- [Data]:
- - - -

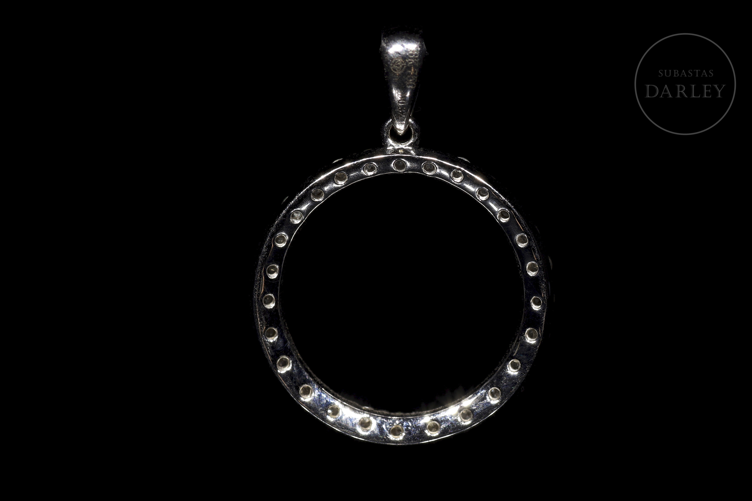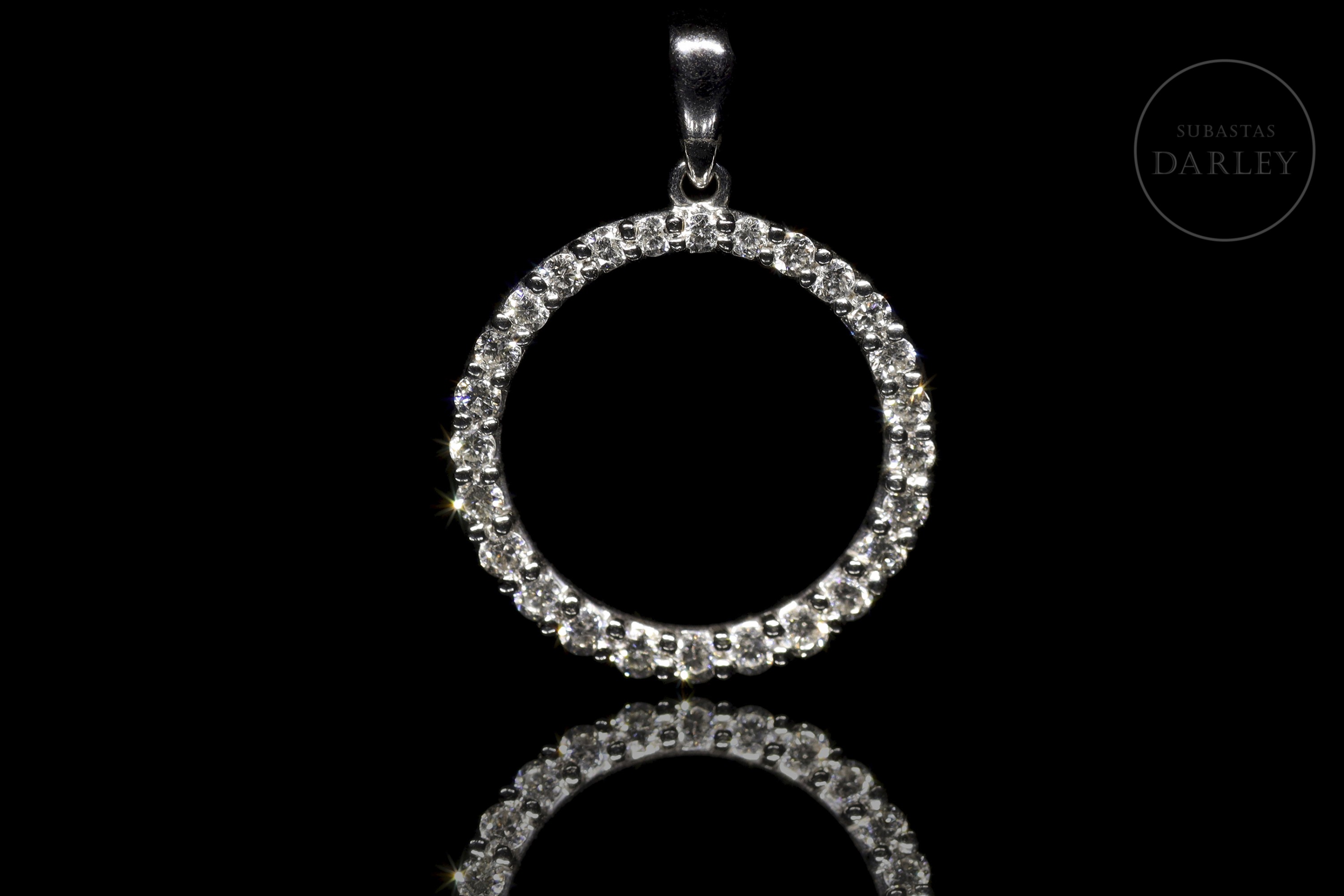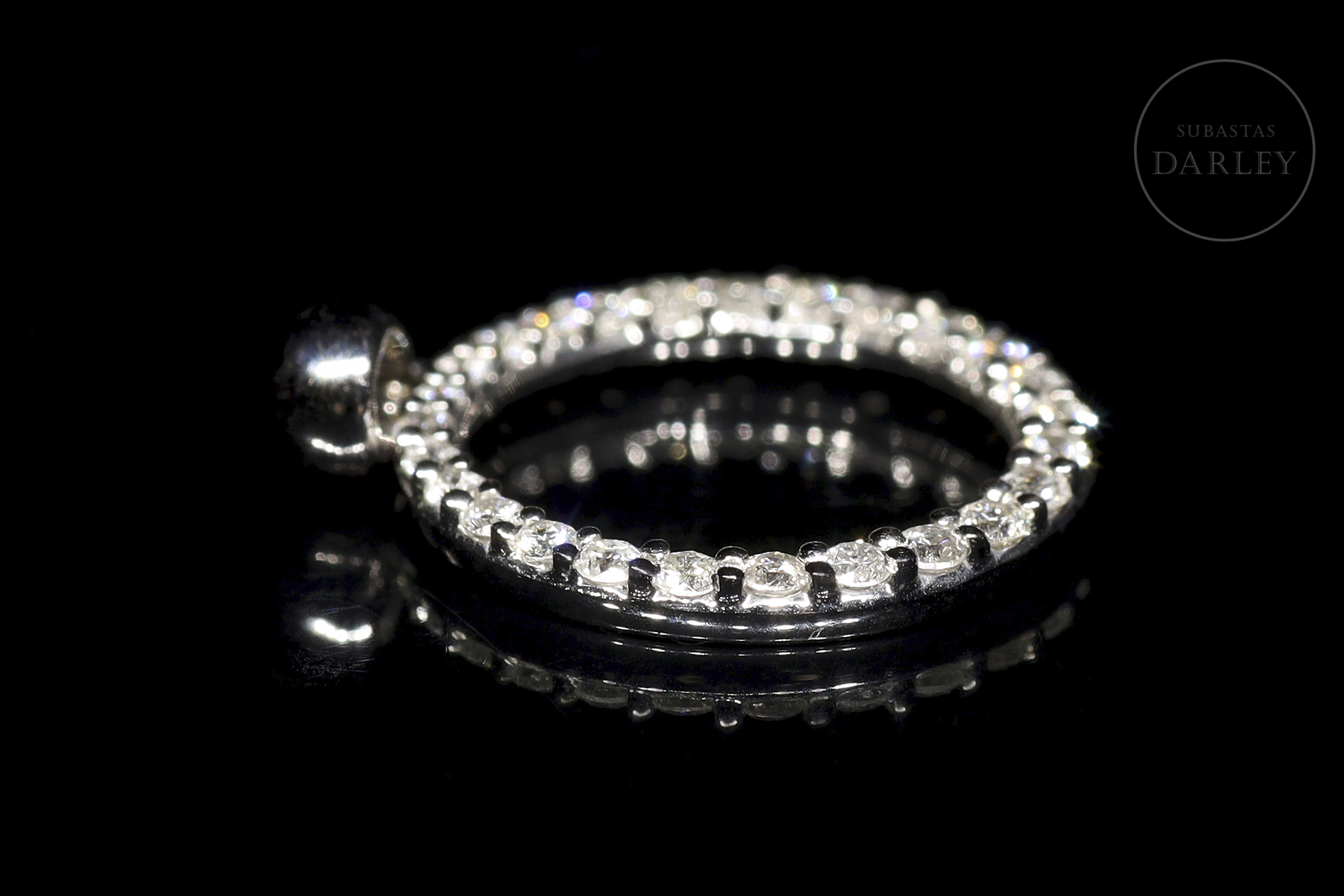 Oro blanco de 18 kt. Sencillo modelo con frontis de aro cubierto por 26 diamantes, talla brillante de peso total 0,32 cts. Asa de cuña lisa.
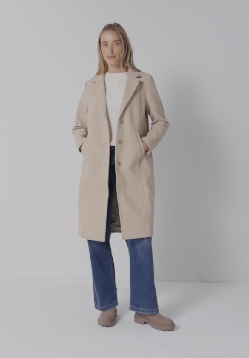 This long, lapel coat from Street One for women features a lined inlay and hood, ideal for changeable weather. The elegant wool look and classic button placket give the coat a stylish appeal. Side pockets offer practical comfort and complete the design.
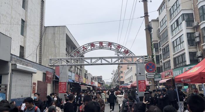 记者询问了多家烧烤店,均表示这个时间已经没有牛羊肉了,只能烤一些蔬菜和小海鲜。几个骑着三轮车卖糖葫芦的小贩从记者身旁经过,车上原本插着糖葫芦模具现在已经一根不剩。烧烤广场内还有几位周边小超市的员工胸前挂着小盒在卖香烟,每经过一个摊点都会被食客围拢。此外,还有不少网红博主正在直播带货。
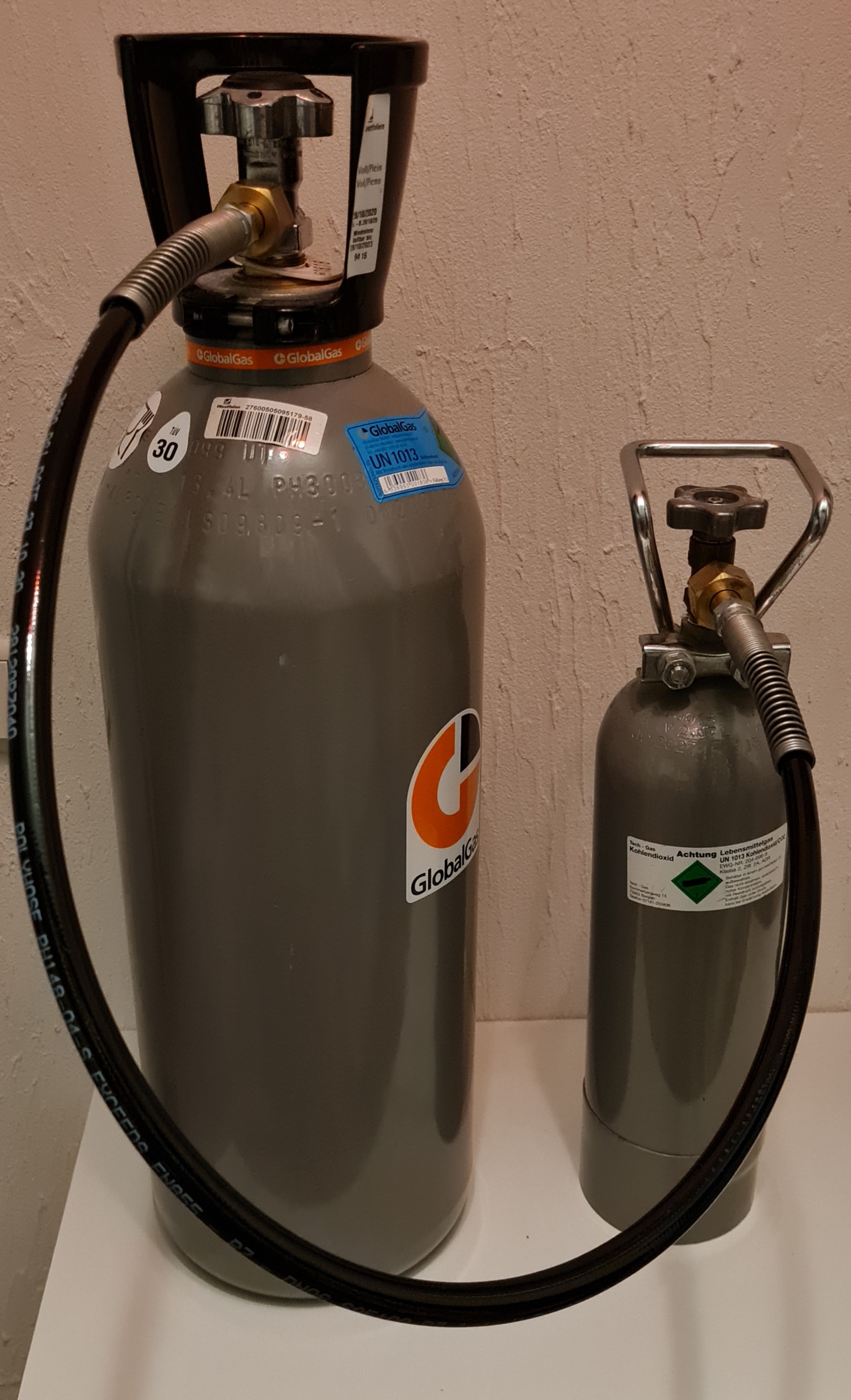 Also müsste auch ca. 330g flüssiges CO2 umgefüllt worden sein ...

- - - -

- [About this exercise]: In copying the material, drop all pictures and keep everything else identical.

- [Answer to the problem]:
 Oro blanco de 18 kt. Sencillo modelo con frontis de aro cubierto por 26 diamantes, talla brillante de peso total 0,32 cts. Asa de cuña lisa.
 This long, lapel coat from Street One for women features a lined inlay and hood, ideal for changeable weather. The elegant wool look and classic button placket give the coat a stylish appeal. Side pockets offer practical comfort and complete the design.
 记者询问了多家烧烤店,均表示这个时间已经没有牛羊肉了,只能烤一些蔬菜和小海鲜。几个骑着三轮车卖糖葫芦的小贩从记者身旁经过,车上原本插着糖葫芦模具现在已经一根不剩。烧烤广场内还有几位周边小超市的员工胸前挂着小盒在卖香烟,每经过一个摊点都会被食客围拢。此外,还有不少网红博主正在直播带货。
 Also müsste auch ca. 330g flüssiges CO2 umgefüllt worden sein ...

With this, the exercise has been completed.